Minggu, 13 Maret 2016

Tentang Perjalanan

                Selepas pengajian ba’da subuh, saya kirim pesan ke Pak Dandi. Beliau adalah atasan saya di kantor. Walau sebenarnya Pak Dandi tidak ingin disebut atasan.

                “Tidak usah lah panggil saya atasan. Kita kan rekan kerja. Kamu bukan bekerja di saya, tapi bekerja dengan saya. Panggil saja saya bapak, atau kakak,” ucap Pak Dandi ketika itu.

                (Pak, mau pinjem kunci kantor. Mau pinjem sepedah) isi pesan yang saya kirim.

                Sembari menunggu balasan, saya bersiap-siap untuk perjalanan ini. Tujuannya adalah observatorium Bosscha, Lembang.

                Balasan Pak Dandi tidak kunjung tiba. Setengah jam sudah saya menunggu. Supaya waktu menunggu ini tidak percuma, saya melakukan pemanasan. Untuk mempersiapkan tubuh supaya prima.

                Selepas pemanasan, saya mengecek hape. Balasan datang.

                (Saya simpan kuncinya di pot yang kosong. Nanti simpan lagi di tempat semula. Saya juga sedang sepedahan ini) Balasan pesan pak Dandi.

                Senyum di bibir saya merekah. Sebab yang ditinggu-tunggu telah tiba. Sepertinya balasan datang telat karena tadi pak Dandi masih sedang menggowes. Dan baru sempat membalas saat sedang istirahat.

                Tanpa ba-bi-bu lagi, saya langsung meluncur ke kantor. Lalu mulai mengayuh sepedah.

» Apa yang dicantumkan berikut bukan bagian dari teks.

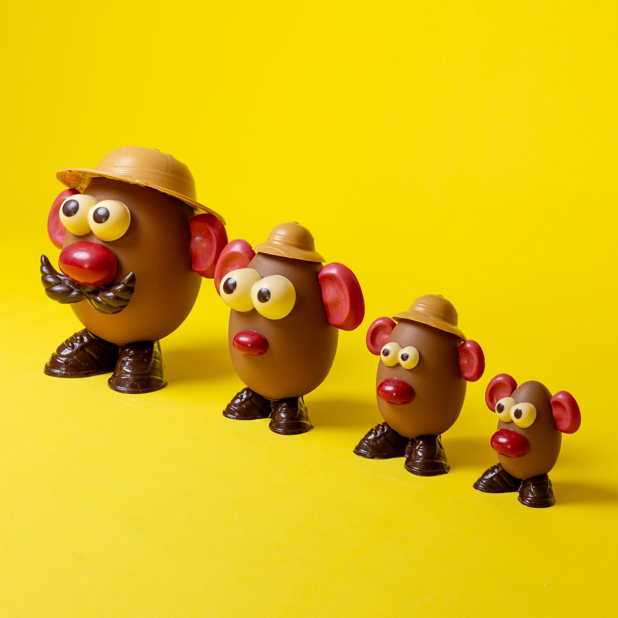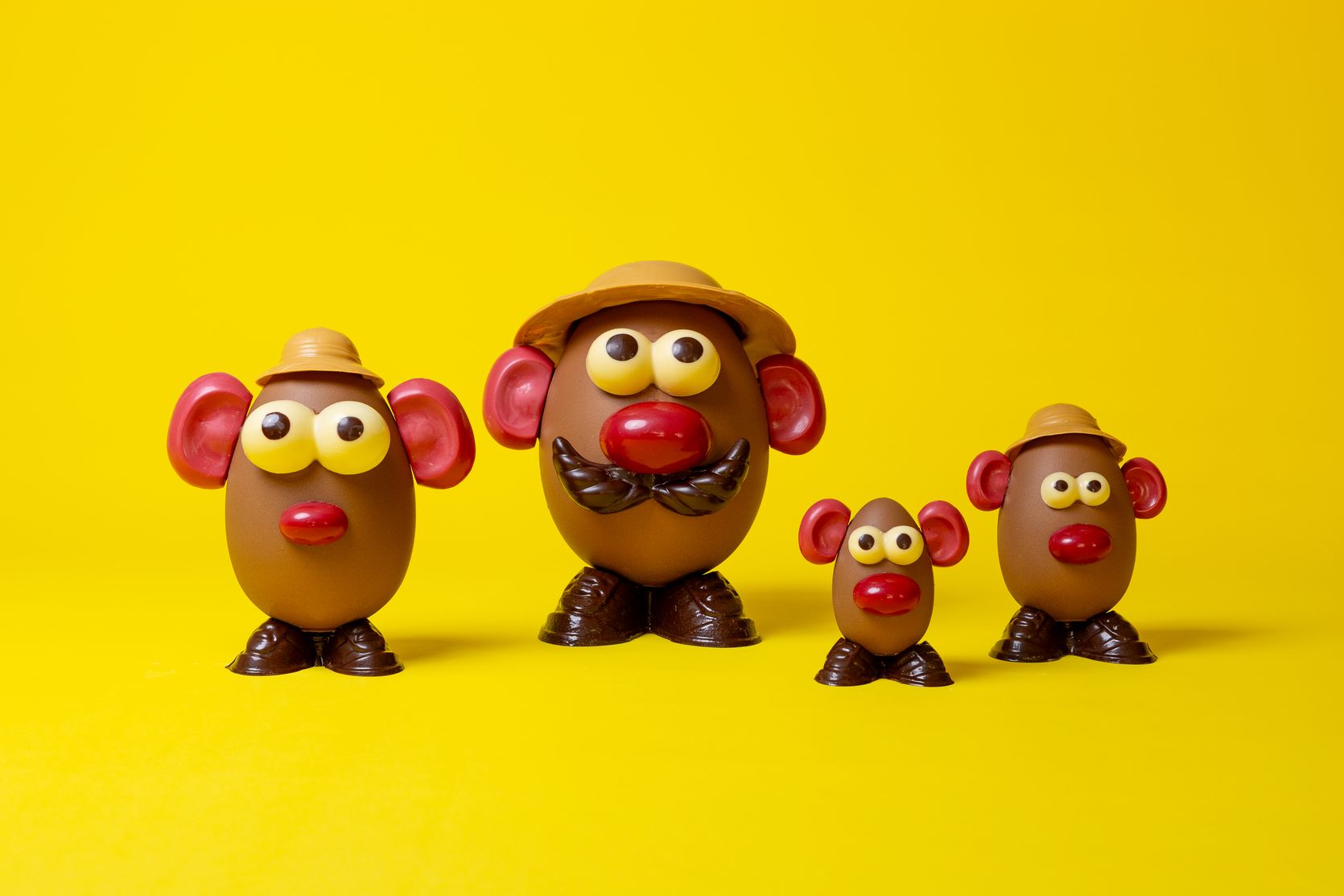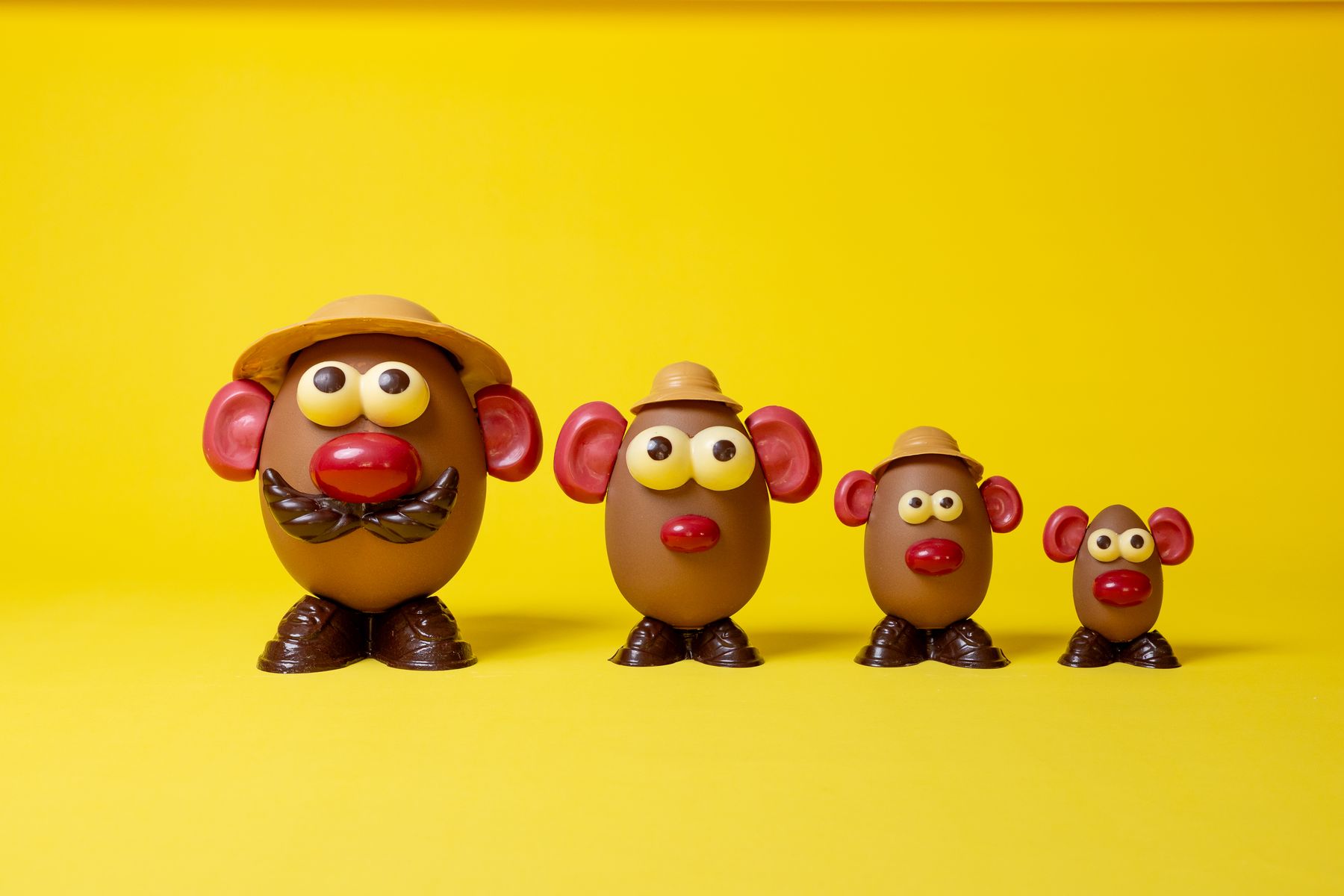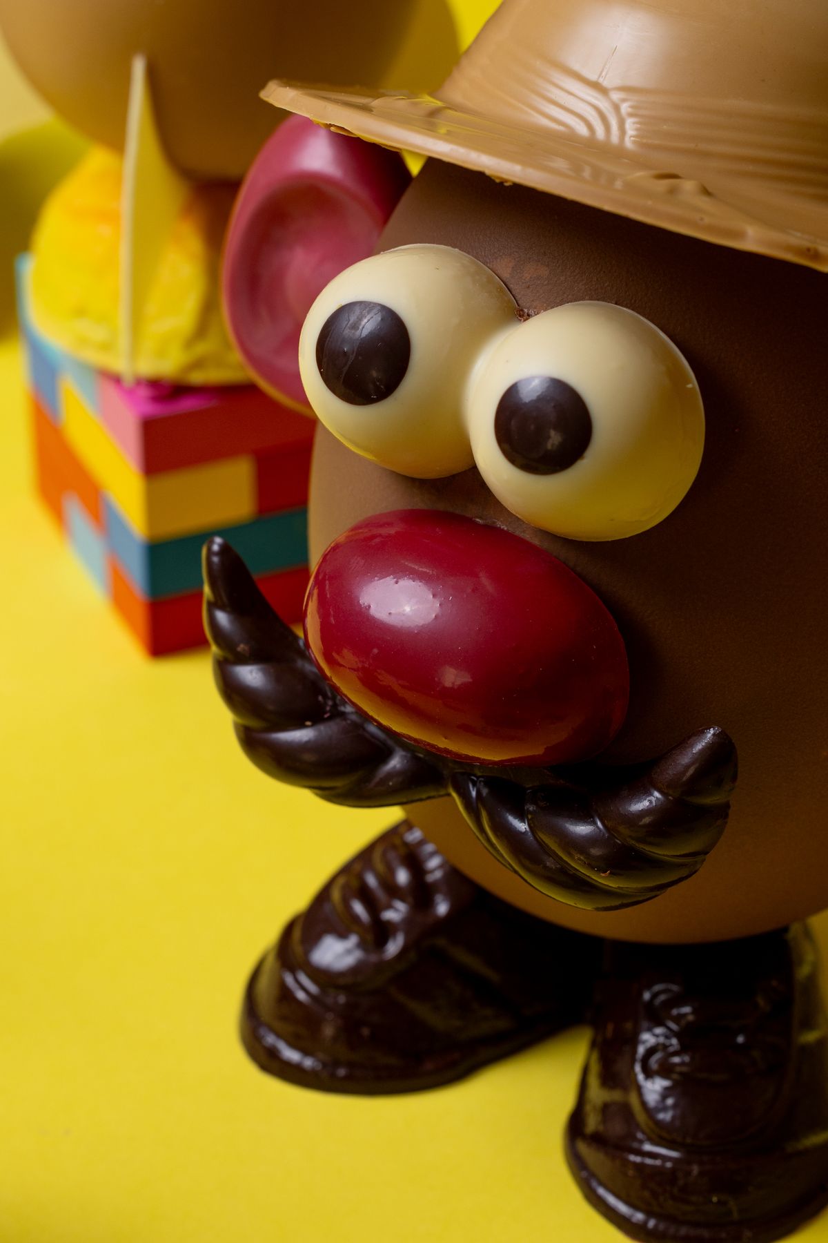 Sujet en chocolat lait 35% garni d’œufs pralinés faits maison et de fritures assorties au chocolat noir, lait blond et blanc :
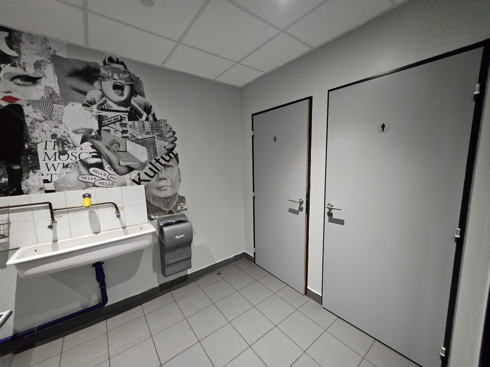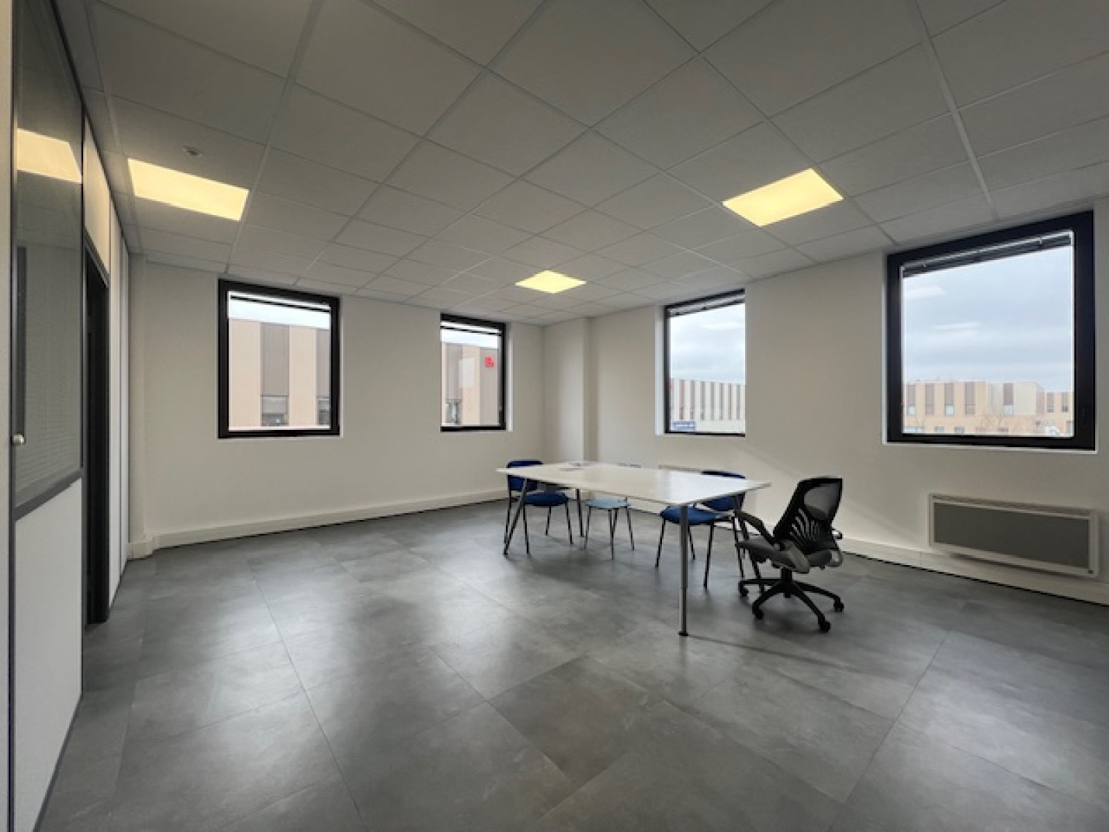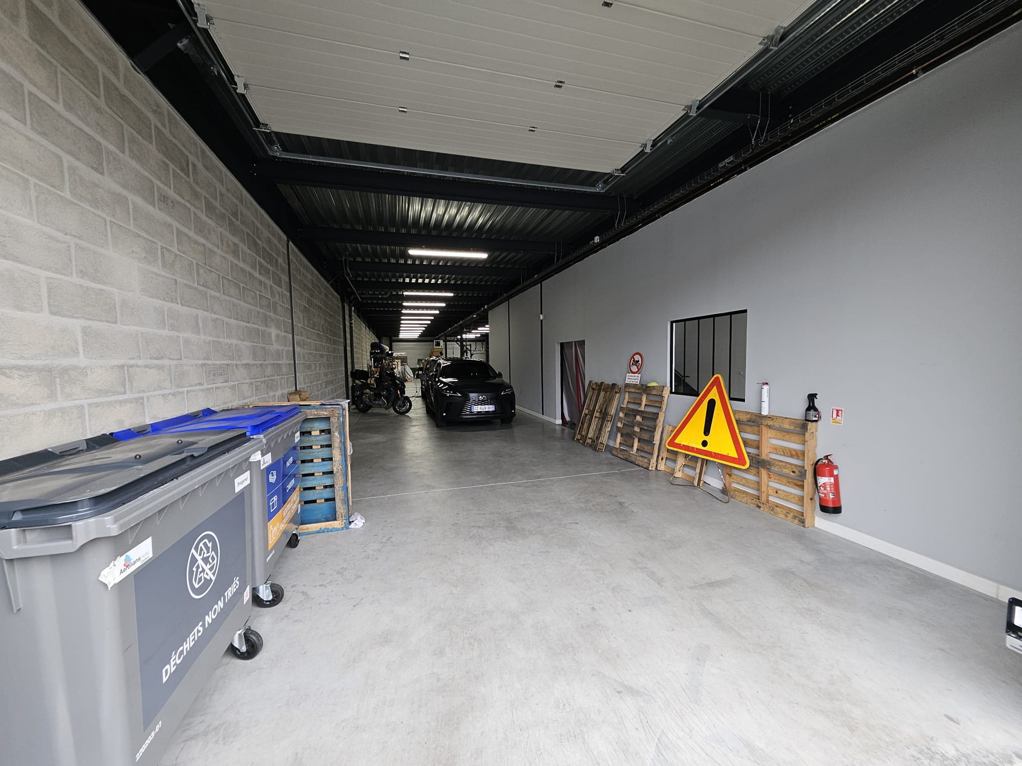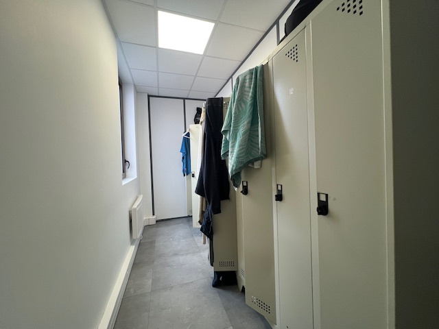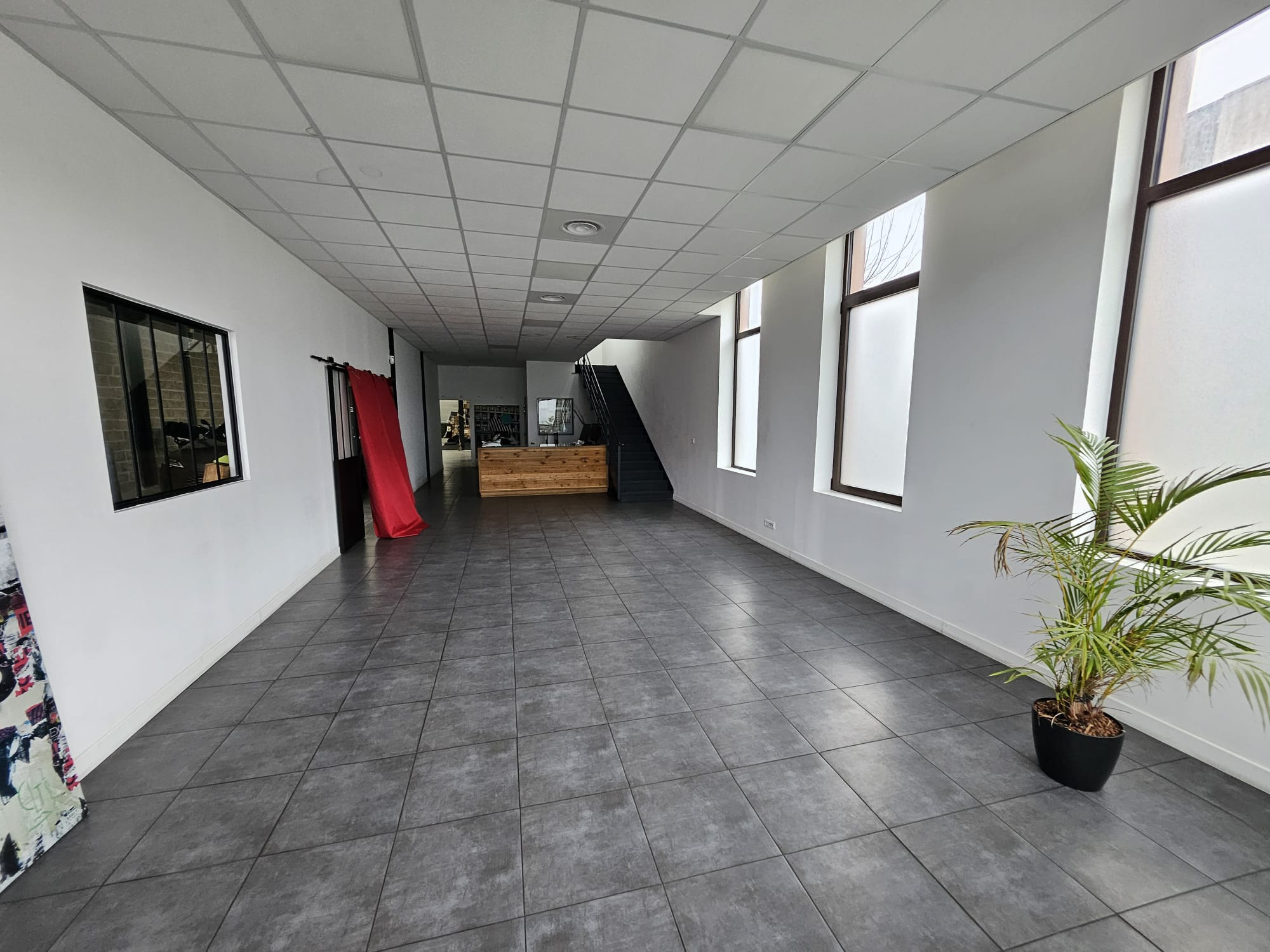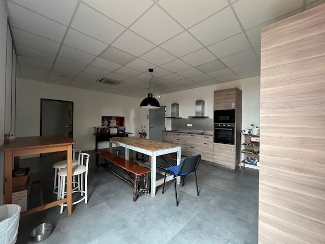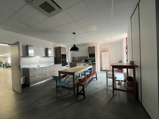 ETAGE : Grande salle , cuisine equipée séparée, WC, local technique, SDE, vestiaire , salle de reunion terrasse de 75m2 env:
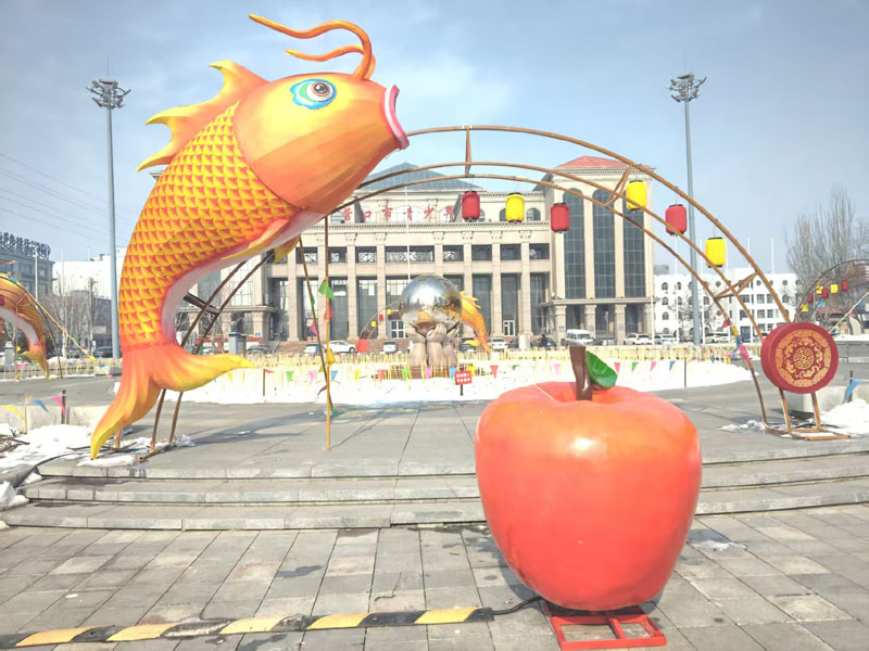欣赏过“骏马”,走进希望广场。这里更让人眼前一亮。只见四条“鲤鱼”正在跳龙门。这是对营口城乡十五五开局旗开得胜的美好祝愿。
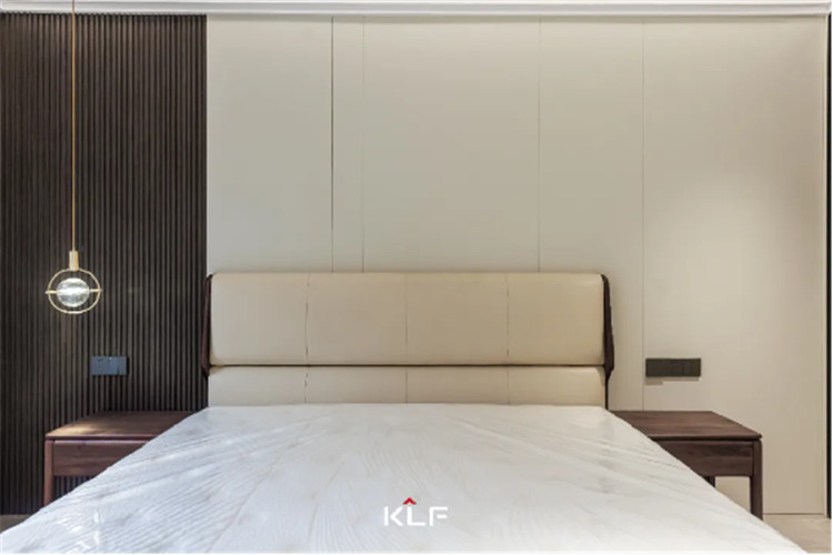 主臥的床頭背景也頗有意蘊,將拉槽墻板與格柵墻板進行拼接,增加層次感和設計感,白棕配色高級又內(nèi)斂,是追逐質(zhì)樸生活的文雅格調(diào)。

                Jam delapan saya memulai kayuhan pertama. Garis start tepat di depan mesjid daarul haliim. Dalam perjalanan, saya bertemu dengan banyak pesepedah. Tidak jarang sapaan kami berikan, atau setidaknya sekedar senyuman kami berikan satu sama lain.

                Menuju Lembang, lebih dari sembilan puluh persen jalanan menanjak. Paha serasa terbakar saat kaki mengayuh pedal. Setiap kayuhan berikutnya, seperti ada kobaran api baru yang bermunculan di otot paha. Terlintas keinginan untuk berhenti di tengah jalan, lalu balik lagi. Tapi semuanya pudar saat bayangan gedung teropong bintang menari-nari di tempurung kepala. Jelas sekali. Meski lelah, saya paksakan kaki untuk terus mengayuh. Terus dan terus lagi.

                Ada rasa bahagian saat pintu gerbang observatorium Bosscha terlihat di kejauhan. Rasa lelah ini terbayarkan sudah. Semakin dekat ke pintu gerbang, pelan-pelan senyum saya menguap. Terpampang jelas pada plang yang menggantung tepat di gerbang. Tertulis sebuah kata saja. Adalah “TUTUP”. Saya berhenti mengayuh. Hanya mematung di atas sepedah. Tatapanku tidak lepas dari kata “TUTUP”. Untuk meyakinkan, saya melangkah menghampiri pos satpam.

                “Buka, Pak?”

                “Tutup, A. Kalau Minggu tutup. Paling kalau Aa ingin masuk, hari Sabtu,” jawab pak satpam ramah. Tidak lupa dia memberikan senyum.

                “Waddduh, jadi gak bisa masuk nih Pak?”

                “Iya, A.”

                “Walau hanya sebentar, Pak.”

                “Iya, A. Gak bisa. Paling Sabtu depan kalau Aa mau.”

                “Bukanya Sabtu saja, Pak? Senin sampai Jum’at gimana?”

                “Iya, Senin sampai Jum’at juga buka, A. Kecuali Minggu.”

                Saya hanya manggut-manggut menatap bapak satpam. Kemudian berbincang ngalor-ngidul sekedar untuk mengakrabkan diri. Untuk menambah teman. Teringat ucapan seorang bapak alumni ITB tahun ’75 yang saya temui di Ciwidey, saat supervisi kebun di sana.

                “Beberapa faktor yang menunjang kesuksesan kita adalah: kecerdasan, rekam jejak dan jaringan,” ucap si bapak kala itu. Masih terngiang jelas kalimat itu. Sampai sekarang. Untuk itu saya memutuskan untuk menunda pulang, dan memulihkan tenaga sambil berbincang dengan bapak satpam.

                Point yang saya peroleh hari ini adalah: Ada banyak alasan bagi saya untuk kecewa pagi ini. Tapi, ada lebih banyak lagi alasan yang bisa membuat saya bahagia. Kuncinya adalah bersyukur atas apa yang telah kita lalui. Terlebih jika hasil itu diawali dengan usaha yang maksimal. Hari ini bukan tentang tiba di keinginan. Tapi tentang sebuah perjalanan. Saya memang tidak bisa melangkah memasuki gedung peneropongan bintang Bosscha. Tapi ada banyak hal menakjubkan yang saya temui dalam perjalanan menuju Bosccha. Dan saya bahagia.